I visited the Congolese family today bringing over my daughter and the 8 month old whom I am watching this week.  We chatted and then the mother invited me to eat with them. I said “yes!”

So we sat around the table and she had multiple platters.  First, we each had our own dish and it was the salmon steaks we had given them in a tomato type broth.  Then she had a platter of cooked cabbage with onions with what looked like tomato color on it?  Then she had a big pile of dough in the middle of the table.  No forks, or spoons.  I was all game.

First she did the blessing and she started out with the prayer that every Catholic around the world understands without knowing each others’ language.  She did the Sign of the Cross.  (I love that there are commonalities with our Faith!)  And they prayed over the food.  Then the youngest boy grabbed my attention and began to show me how to eat.  He first grabbed a piece of dough and rolled it in his hands.  He then used the dough to grab the food on the plate and then place the food in his mouth.  I copied him and found it was a bit tricky to get all the food in my mouth without making a mess.  I watched some more and realized that my technique was off, so I did exactly what they did and had more success.  I should mention that my daughter was all-over-it.  What?
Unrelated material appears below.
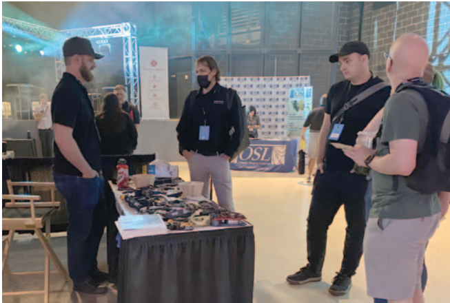
Rendez-vous 2022 trade show at the MacEwan Hall.

We get to eat with our HANDS?  Yay!  She told me she wants to eat like ******’s family from now on!  I looked at that dough and thought, “this is familiar!  This is like the Mexican tortilla!”  In Mexico, you don’t use utensils.  You use the tortilla to eat with.

Do you know that when you eat without utensils, there is very little clean up?  Talk about environmentally friendly AND mom friendly! Less work.  Seriously, these Africans are on to something.

I should mention that the food was DE-LI-CIOUS!  It is amazing how we can use the same ingredients and make them taste so different!  I love cabbage.  Tomato. Salmon.  Broth. Salt.  Onions.  I have never had them taste like that, though.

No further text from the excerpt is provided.